───── Source data
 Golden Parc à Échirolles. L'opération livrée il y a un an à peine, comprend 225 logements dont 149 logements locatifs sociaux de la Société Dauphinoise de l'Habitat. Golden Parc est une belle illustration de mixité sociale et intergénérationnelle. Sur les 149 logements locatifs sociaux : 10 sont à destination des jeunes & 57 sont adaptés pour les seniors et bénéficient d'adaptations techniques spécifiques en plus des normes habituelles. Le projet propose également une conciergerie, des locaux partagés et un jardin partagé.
──────────
───── Source data
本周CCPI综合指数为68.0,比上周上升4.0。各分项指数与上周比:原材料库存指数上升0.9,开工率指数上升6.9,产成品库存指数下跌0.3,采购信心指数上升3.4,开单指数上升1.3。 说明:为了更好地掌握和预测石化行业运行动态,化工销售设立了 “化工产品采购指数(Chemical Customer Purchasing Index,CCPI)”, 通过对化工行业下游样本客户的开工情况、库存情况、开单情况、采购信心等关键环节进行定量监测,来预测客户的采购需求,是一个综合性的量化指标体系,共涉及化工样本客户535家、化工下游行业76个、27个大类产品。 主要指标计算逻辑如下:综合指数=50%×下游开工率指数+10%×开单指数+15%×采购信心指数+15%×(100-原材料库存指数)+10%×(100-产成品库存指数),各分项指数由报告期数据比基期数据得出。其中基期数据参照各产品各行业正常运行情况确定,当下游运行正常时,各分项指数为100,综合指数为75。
──────────
───── Source data
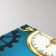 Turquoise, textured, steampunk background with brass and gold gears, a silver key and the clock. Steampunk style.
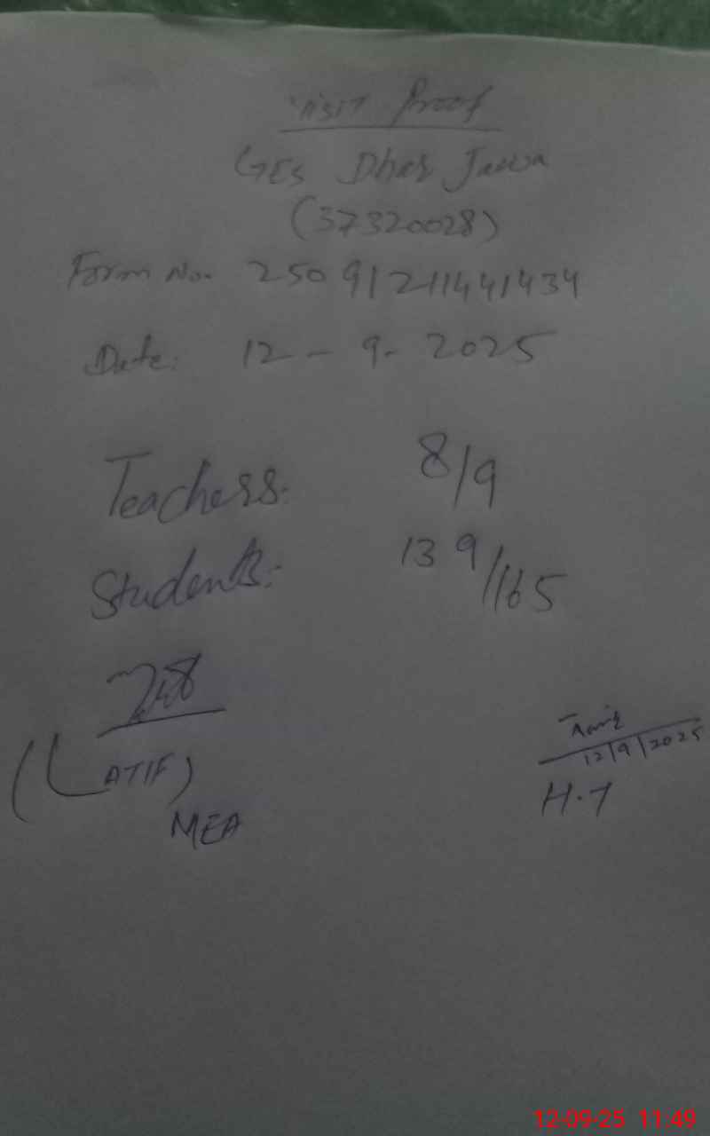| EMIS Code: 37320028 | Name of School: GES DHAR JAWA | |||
──────────
--- Task to carry out ---
Exact copy, pictures excluded: from the line with "Turquoise, textured, steampunk" up to and including the line with "DHAR JAWA | |||" in the data above.

--- Result of this exercise ---
 Turquoise, textured, steampunk background with brass and gold gears, a silver key and the clock. Steampunk style.
| EMIS Code: 37320028 | Name of School: GES DHAR JAWA | |||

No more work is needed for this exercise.